*Brief*: If pictures are present, leave them out, and copy the data word for word.

*Dataset section*:

————————

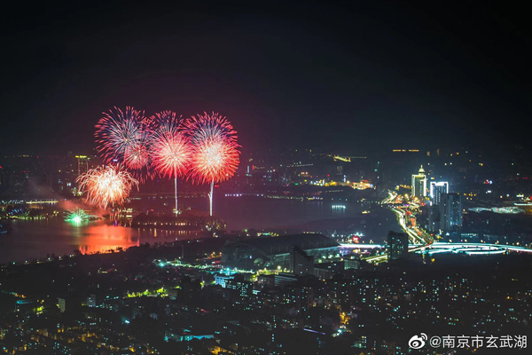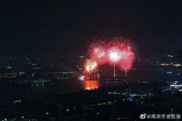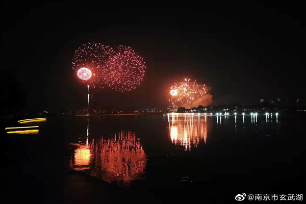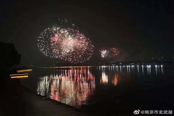 庆祝新中国成立70周年,玄武湖焰火闪耀金陵夜空
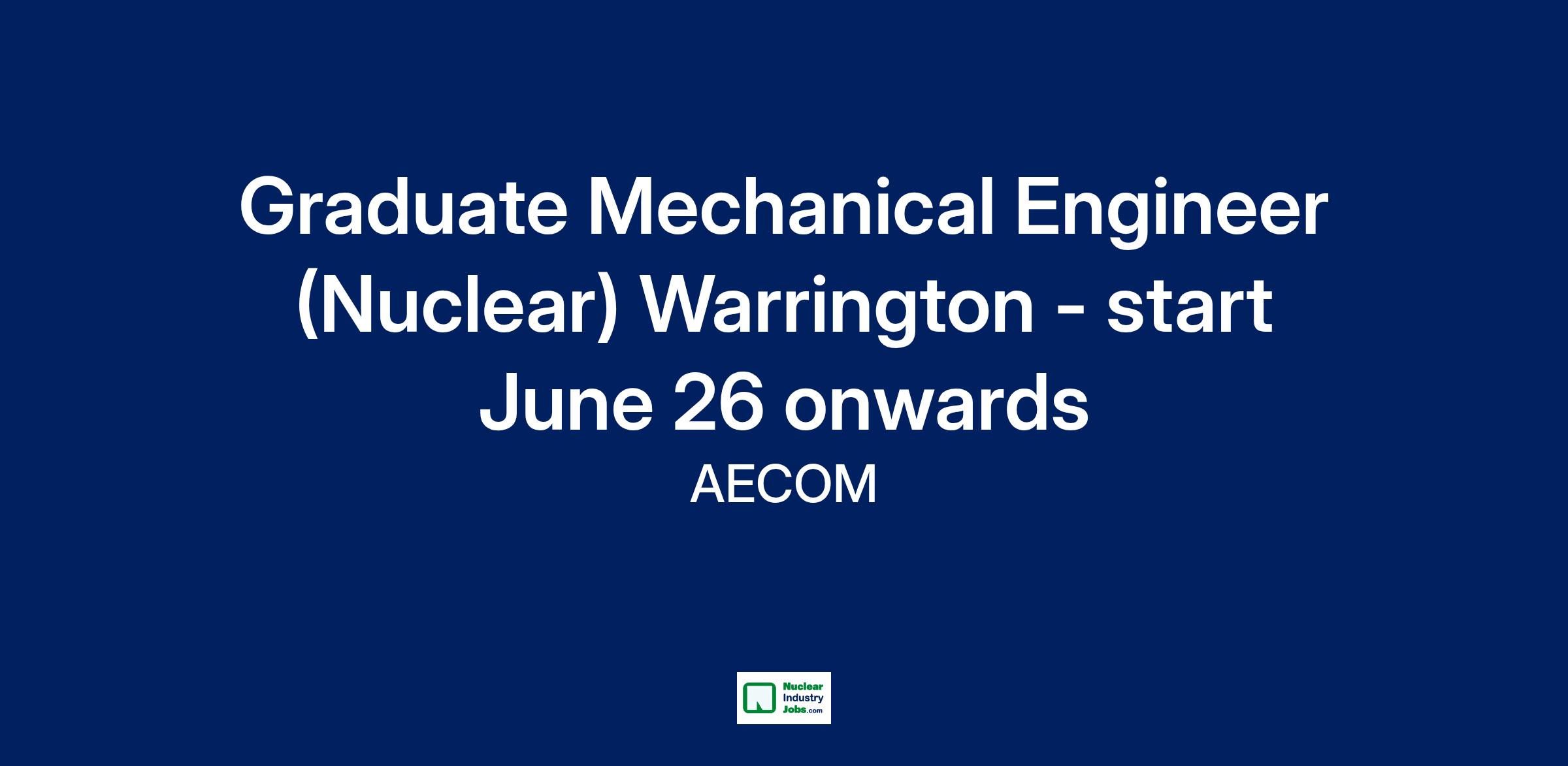 Due to the continued growth and expansion of our Nuclear Team in Warrington, we are looking to increase our technical workforce and are seeking to recruit a Graduate Mechanical Engineer to join our team from June 2026 onwards.
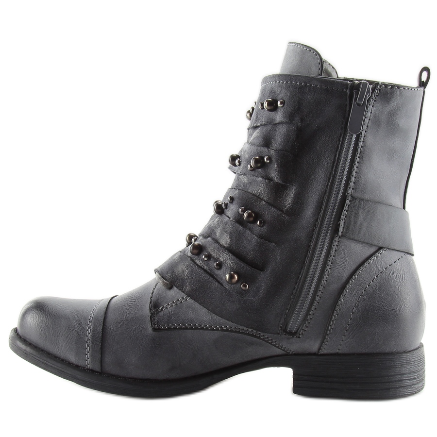 Vi presenterar militärstövlar för kvinnor i grå färg, som kombinerar stil, komfort och originalitet. Tillverkade av högkvalitativt ekologiskt läder erbjuder de inte bara ett attraktivt utseende, utan också hållbarhet. Deras karaktäristiska ovandel med en iögonfallande flik dekorerad med strass väcker uppmärksamhet, vilket ger en unik karaktär till varje styling.
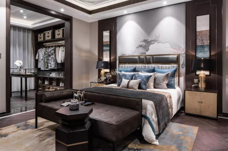新中式风格180平米卧室背景墙家装效果图

————————

*Response to the exercise*:
 庆祝新中国成立70周年,玄武湖焰火闪耀金陵夜空
 Due to the continued growth and expansion of our Nuclear Team in Warrington, we are looking to increase our technical workforce and are seeking to recruit a Graduate Mechanical Engineer to join our team from June 2026 onwards.
 Vi presenterar militärstövlar för kvinnor i grå färg, som kombinerar stil, komfort och originalitet. Tillverkade av högkvalitativt ekologiskt läder erbjuder de inte bara ett attraktivt utseende, utan också hållbarhet. Deras karaktäristiska ovandel med en iögonfallande flik dekorerad med strass väcker uppmärksamhet, vilket ger en unik karaktär till varje styling.
新中式风格180平米卧室背景墙家装效果图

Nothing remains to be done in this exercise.